[Mimedefang] sendmail and filter_helo interaction

John Rudd john at rudd.cc
Fri Nov 10 01:11:37 EST 2006


Dirk the Daring wrote:
> 
> 
>         # Check #4
>         # If the HELO is an FQDN, the index and rindex of "." will not 
> be the same
>         # This catches the spammer using domain.tld (which will slip
>         #       by Check #2)
>         if ( index($helo, ".") == rindex($helo, ".") )
>             {
>             # Reject connection - invalid HELO
>             md_syslog('alert', "Non-FQDN HELO $helo by Host $hostip");
>                         return('REJECT', "INVALID HELO/EHLO: $helo is 
> not FQDN");
>             }

> 
> 
>    As I wrote previously, my entire filter is heavily logged. My 
> analysis of those logs indicates that only about 50% of foreign 
> mailhosts connecting to my network get past HELO. Based on the 
> I-think-reasonable assumption that no "legitimate" mail server would be 
> tripped up by GREETPAUSE, RATECONTROL, CONNCONTROL or the tests I have 
> in filter_helo, my conclusion is that those 50% are spammers, and I'm 
> effectively stopping them by the end of HELO.
> 


Given that I don't think check #4 is valid, I'm not sure I believe your 
claim.  For one, depending on the configuration I'm using, you might end 
up rejecting my email, because my mail server's hostname is the 
registered domain name (rudd.cc) ... and I'm not a spammer.

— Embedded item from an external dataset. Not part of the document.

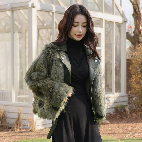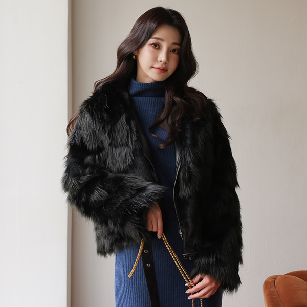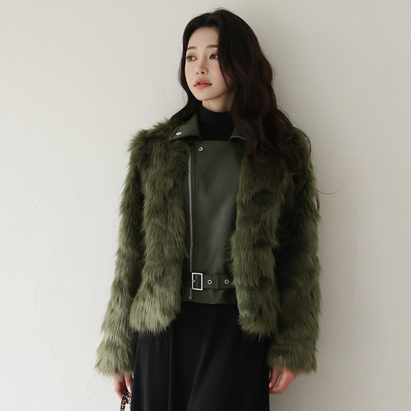レザー·カラー レイヤード ファー ライダー ジャケット

(I don't recall any prohibition on a host's name being just its 
registered domain, domain.tld)

I'm also curious why you're using a lot of index/rindex calls instead of 
regular expressions (I'm not enough of an expert to know if one is 
honestly faster than the other).  For the above one, why not:

$helo =~ /^[^\.]+\.[^\.]+$/

(from the start of the string, one or more non-dots, followed by 1 dot, 
followed by one or more non-dots, and then the end of the string; you 
can only match this expression if you have exactly 1 dot in the strong)

Or,

(($helo =~ /\./) && ($helo !~ /\..+\./)

(contains at least one dot, AND does not contain: a dot, at least any 
one other character, and then another dot, anywhere in the string; 
again, you can only match these two expressions if you have exactly one 
dot in the string)


$helo =~ /\./

also works for your "index of . isn't -1" check.